Немного успокоив Елену и простившись с нею до утра, Василий вышел во двор и, позвав Лаврушку, сказал ему:
– Слушай, Лаврушка: еду я в чужие, неведомые края, а куда, о том знать на Руси никто не должен. Путь будет опасен и долог – ранее как через год ты домой не воротишься. Если тебя это не страшит и за Настю свою ты спокоен, тогда наутро готовься. Поедешь со мной до конца.
– Спаси тебя Христос, княже, – ответил обрадованный воин. – С тобою куды хошь поеду без страха и с радостью. И никому лишнего слова не пророню.
* * *
Когда, простившись со всеми Пронскими, Василий в последний раз обнял сестру, она сняла с себя небольшую иконку архангела Михаила, вставленную в золотой медальон, и, благословив ею брата, повесила ему на шею.

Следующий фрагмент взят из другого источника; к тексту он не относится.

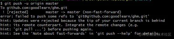 如果出现上传不成功,可能是因为你远程仓库已经存在文件,和你本地仓库文件不一致,或者你本地仓库的文件不是最新的,这个时候,你需要执行下面这行命令

– Семейный образ наш ты теперь мне оставляешь, – сказала она, – возьми же с собою хоть этот, в точности большому подобный. Его сам патриарх в Царьграде освятил. Да сохранит тебя от всех бед и напастей святой архангел, заступник и покровитель рода нашего!
Затем, подозвав к себе Никиту, она сказала ему:
– Сбереги нам князя, Никитушка! Он не только мне, а всей земле нашей дорог и надобен. Знаю некорыстную верность твою, знаю, что по душе не слуга ты ему, а брат. Потому я и с тобою хочу проститься как с братом.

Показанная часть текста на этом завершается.